Tom Holliday  1:14:33

happens, you might and you know, the biggest one you know right now, which is a problem, is the chef exchange is in China, and it’s, it creates a lot of difficulty because, you know, sending money to a Chinese exchange, right? But outside of that, yeah, listen, I think that commodities should, should continue to grow here. They’re cheap, is. Is they’ve ever been relative to equities ever, which is really interesting,

 

Jeff Malec  1:15:05

if you look at what might be saying more about equities.

 

Tom Holliday  1:15:07

Well, it is more of an equity story, for sure. Yeah, we’re, you know, commodities have been kind of left for dead as equities continue to go up. But those things you know, typically resolve themselves. So, you know, 1970s they resolved themselves when equities came down, but commodities went up, as through gold and through oil. From 1999 through 2009 10, equities were dead flat. Commodities were up 300% at the top during that period of time. This once again, China was consuming everything. And I’m not making a call on equities. I mean, I have no roughly idea if they’re going if they’re going to continue to go up or not, but I do know that there are so many forces underlying this commodity, this commodity opportunity, that you know once again, I’ll say it again.
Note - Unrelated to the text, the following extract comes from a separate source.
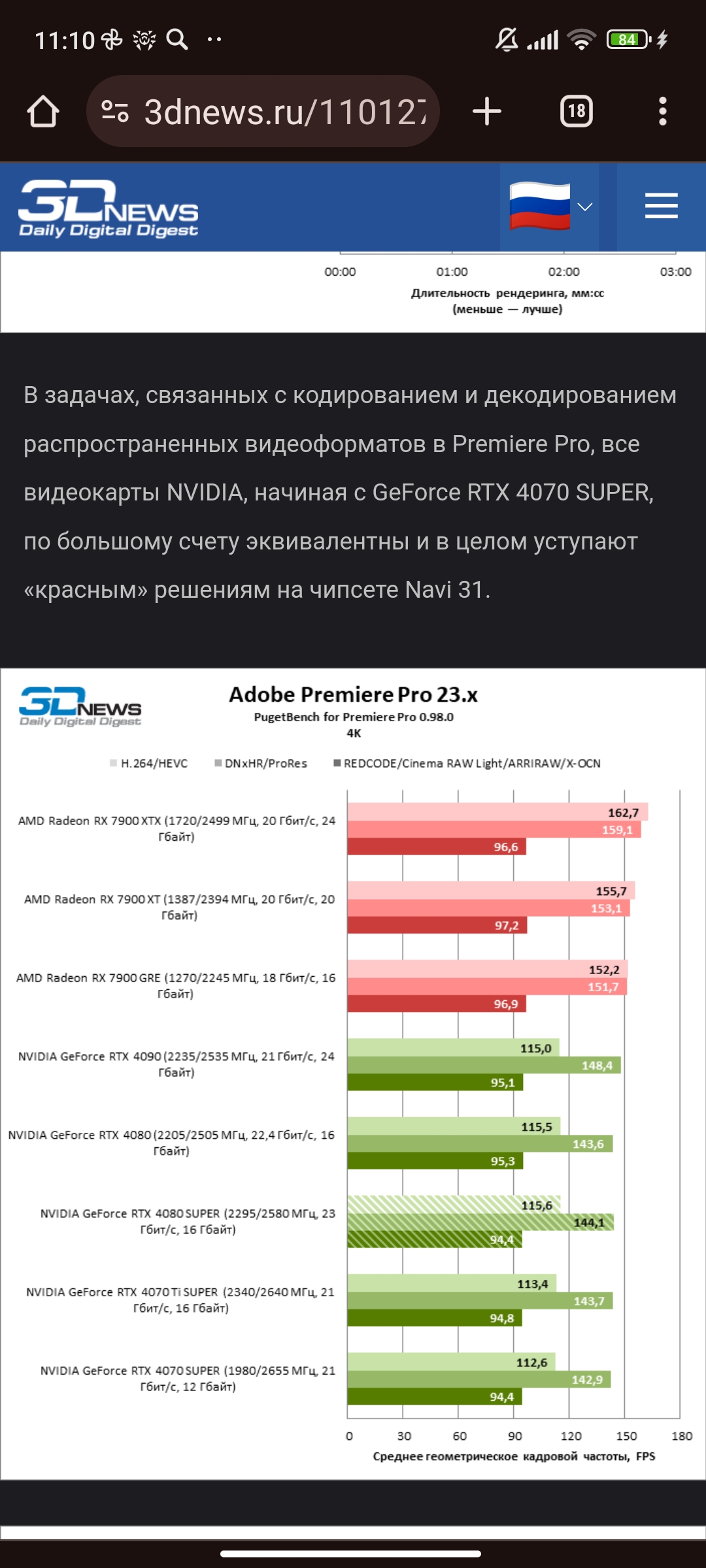 У зелени намного больше проблем с драйверами. Я скидывал пруф на владельца 4090, который из - за этого продал её и купил 7900XTX. Вот еще раз https://youtu.be/ksPztKN3dgU?si=-gWNF6wz9yvov8I8 Остальные твои доводы обсуждали много раз, большинство в этой теме с тобой не согласны. Если ориентироваться на продажи, то Nvidia за прошлый квартал потеряла 6% рынка дискреток. Это значимый индикатор, говорящий что геймеры не оценили твои (Хуанга) аргументы. В Европе самая продаваемая видеокарта - 7800XT. https://www.ixbt.com/news/2023/11/15/ra ... ctory.html

It demands it demands attention, because I don’t think people are paying attention. It demands attention. What?

 

Jeff Malec  1:16:03

That’s a good one to close it out on. Demands your attention. All right. Tom, thanks so much for coming on. Best of luck with everything.

 

Tom Holliday  1:16:12

I appreciate it. Thanks so much, RCM for your time. Let me get my story out. I really appreciate it. Yeah,

 

Jeff Malec  1:16:19

we’ll talk to you soon.

This transcript was compiled automatically via Otter.AI and as such may include typos and errors the artificial intelligence did not pick up correctly.